ASSIGNMENT -> Leaving out all pictures, transcribe exactly the lines between the line with "При монтаже колена, в" and the last line of the records below, both included.

EXTRACTED DATA ->
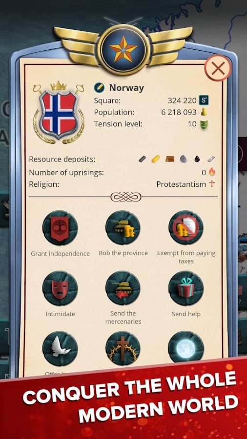 Modern Age – President Simulator – классическая геополитическая, экономическая и военная стратегия на андроид. В этой игре вы будете выступать в роли президента современного государства и стараться улучшить его за время своего правления. Готовы ли вы стать президентом России или Америки, а также других стран. Выбирайте себе государство из предложенных в игре и управляйте им расширяя свою территорию и осваивая новые технологии. Станьте мудрым и успешным правителем ведь ваше государство нуждается в таком президенте. Управляйте министрами и принимайте законы, а также занимайтесь торговлей с другими государствами.
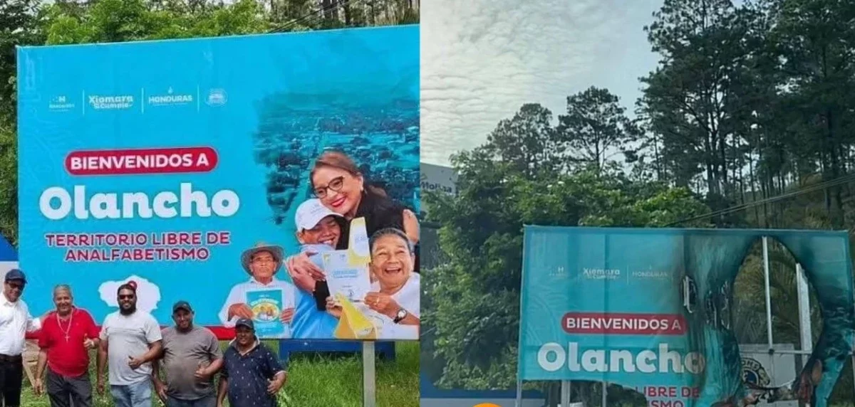 En pleno corazón de Olancho, tierra natal del expresidente “Mel” Zelaya y esposo de la mandataria Xiomara Castro, el gobierno decidió colocar un vistoso rótulo cerca de la entrada a dicho departamento que duro menos que una promesa de compaña política que proclamaba con orgullo:
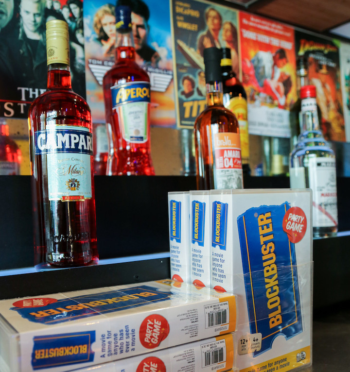 The speakeasy allows guests to come in, get their Blockbuster membership card and peruse the VHS boxes on the shelves.
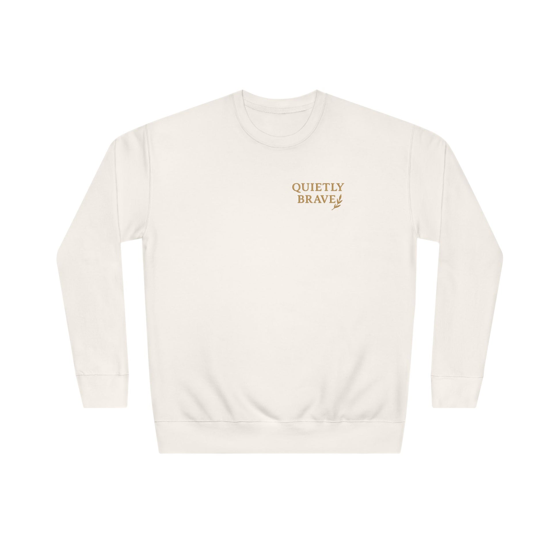 Quietly Brave Unisex Crew Sweatshirt – Empowering Embroidered Fleece, Cozy Everyday Wear
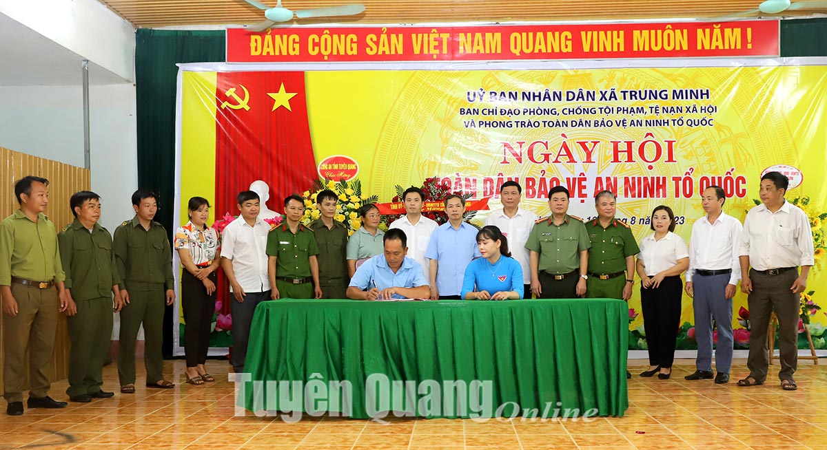 Các đồng chí lãnh đạo tỉnh, lãnh đạo Công an tỉnh và huyện Yên Sơn chứng kiến ký kết giao ước thi đua thực hiện phong trào “Toàn dân bảo vệ an ninh Tổ quốc” tại Trung Minh.
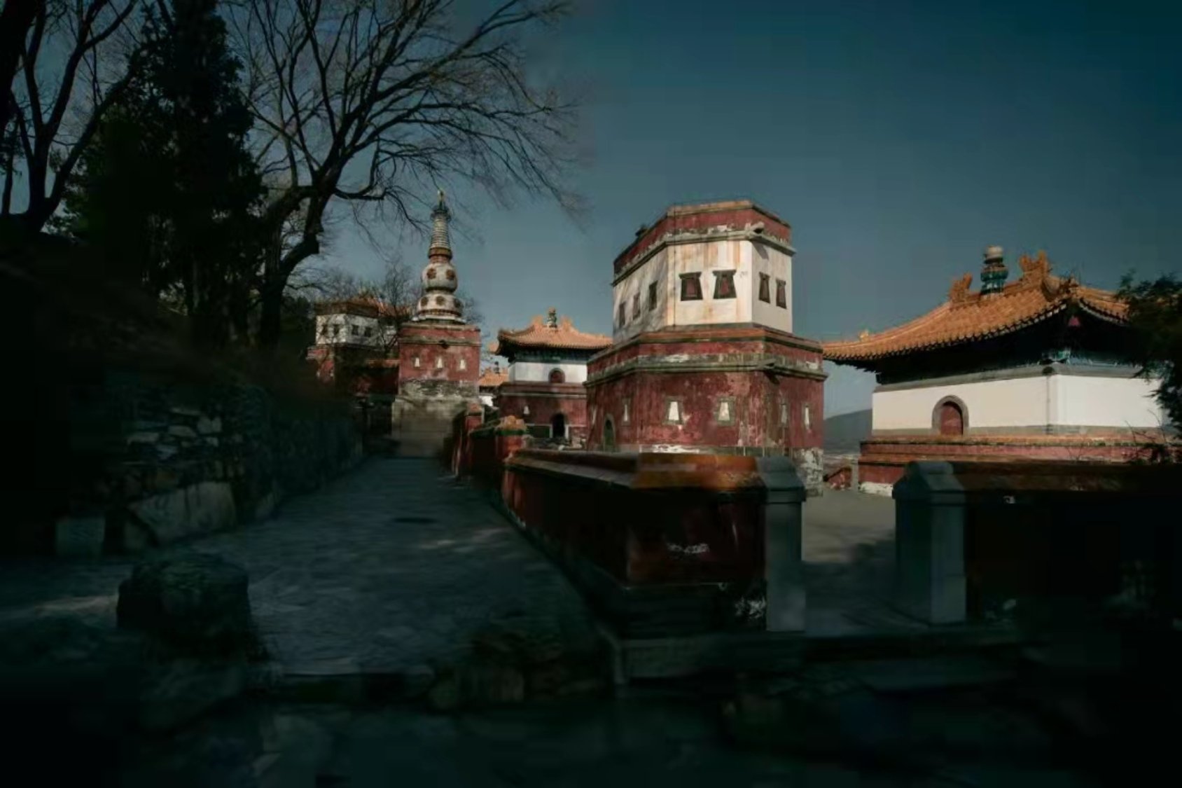 根据结构形式的不同可将此次修缮部分的建筑分成两类,一是传统木构建筑,包括香岩宗印之阁、山门殿、东西值房共4栋;二是砖石混凝土结构建筑,包括四大部洲、八小部洲、日月殿、四色塔共17栋。
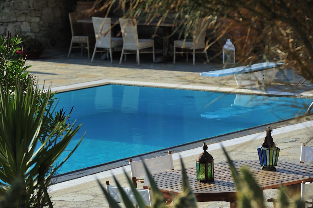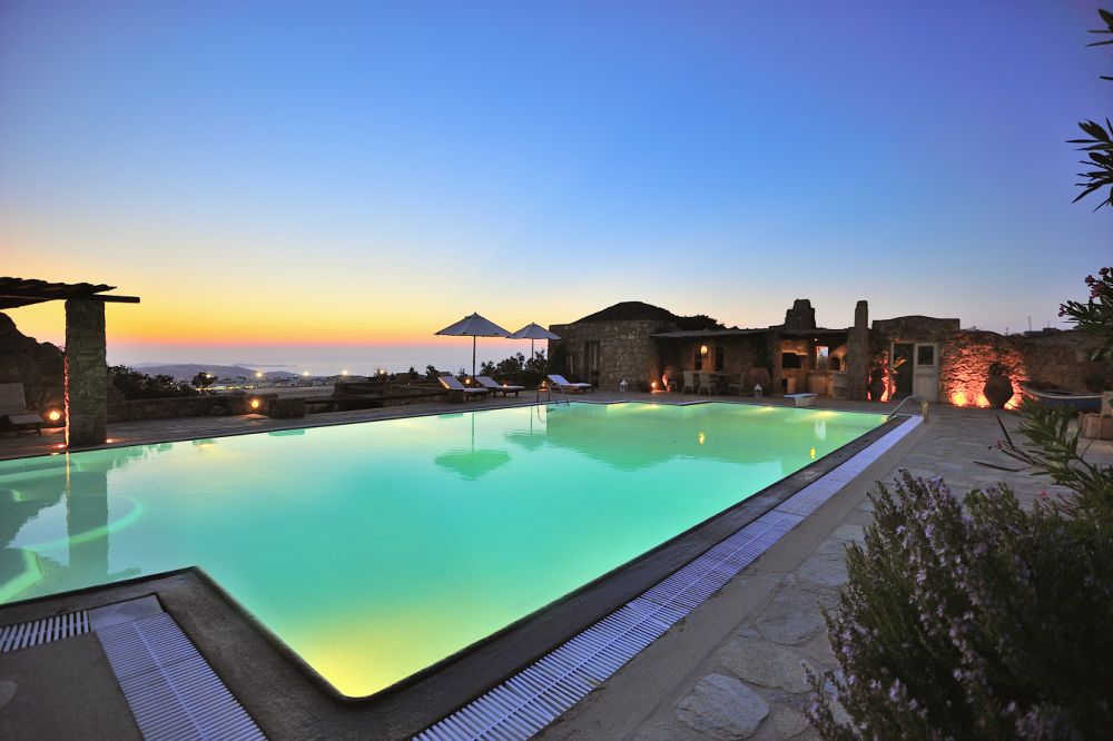 Villa Mykonos View is situated on the hillside of Kounoupas at the very center of Mykonos Island, just 10 minutes from Mykonos Town. From its location it practically overlooks the Western half of Mykonos Island, the Aegean Sea and the Islands of Delos, Rhenia, Syros, Paros and Tinos.
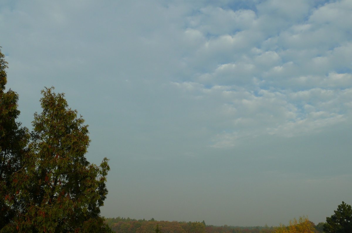 Je polojasno a vitr fouka slaby. Je kourmo.
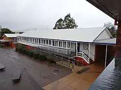 The timber school building with timber floor trusses and the 1959–60 timber school building with open web steel floor trusses are both good, intact examples of their type and demonstrate two iterations of the Department of Public Work's standard designs: incorporating timber floor trusses for unimpeded play space under the classrooms, and later using steel trusses to achieve the same effect. Both buildings retain their: highset character with visible trusses under; large banks of south-facing timber-framed awning windows, with centre-pivoting fanlights; clerestory lighting above the northern verandah roof; and 24-foot (7.3 m) wide classrooms.[1]
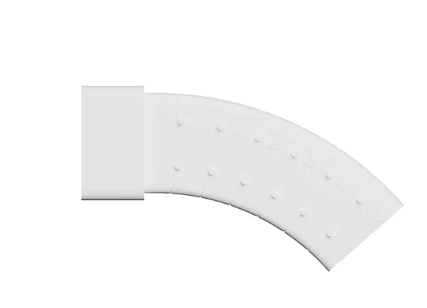 При монтаже колена, в зависимости от выбранного угла поворота, отрезается необходимое количество сегментов, с одной стороны, шаг каждого сегмента 7.50 °.
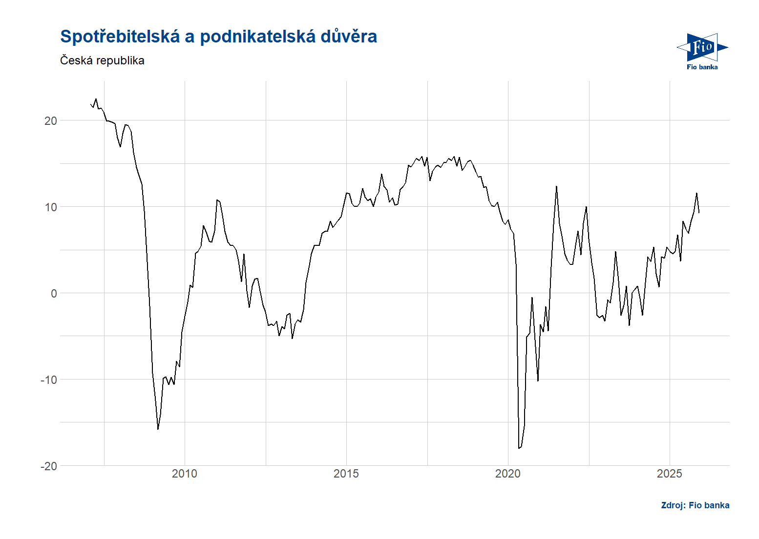 Klíčová slova: Bloomberg | Index | Banka | Fio banka | Fio | Podnikatelská důvěra | Očekávání | Index spotřebitelské důvěry | Očekávání trhu | ČSÚ | Stavebnictví | Situace | Zlepšení | Domácnosti | Růst | ČR | Důvěra | Růst důvěry | Vice | Fio banka, a.s. | Michal Šnobl | Dlouhodobý průměr |
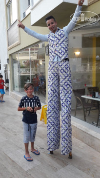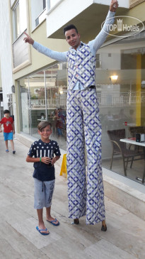 Заехали около 15.00, сразу заселили. Отель вообще не тянет на 4 звезды, территория не большая и всё в состоянии уныния. Дружелюбный персонал в ресторане, хотя питание однообразное. Напитки любые с утра до 24:00. Уборка номеров проводилась не ежедневно, менялось полотенца и белье, на этом всё. Номер у нас был маленький, просили больше, не дали! Кажется была анимация (кому нужна), нам нет.

ANSWER TO THIS TASK ->
 При монтаже колена, в зависимости от выбранного угла поворота, отрезается необходимое количество сегментов, с одной стороны, шаг каждого сегмента 7.50 °.
 Klíčová slova: Bloomberg | Index | Banka | Fio banka | Fio | Podnikatelská důvěra | Očekávání | Index spotřebitelské důvěry | Očekávání trhu | ČSÚ | Stavebnictví | Situace | Zlepšení | Domácnosti | Růst | ČR | Důvěra | Růst důvěry | Vice | Fio banka, a.s. | Michal Šnobl | Dlouhodobý průměr |
 Заехали около 15.00, сразу заселили. Отель вообще не тянет на 4 звезды, территория не большая и всё в состоянии уныния. Дружелюбный персонал в ресторане, хотя питание однообразное. Напитки любые с утра до 24:00. Уборка номеров проводилась не ежедневно, менялось полотенца и белье, на этом всё. Номер у нас был маленький, просили больше, не дали! Кажется была анимация (кому нужна), нам нет.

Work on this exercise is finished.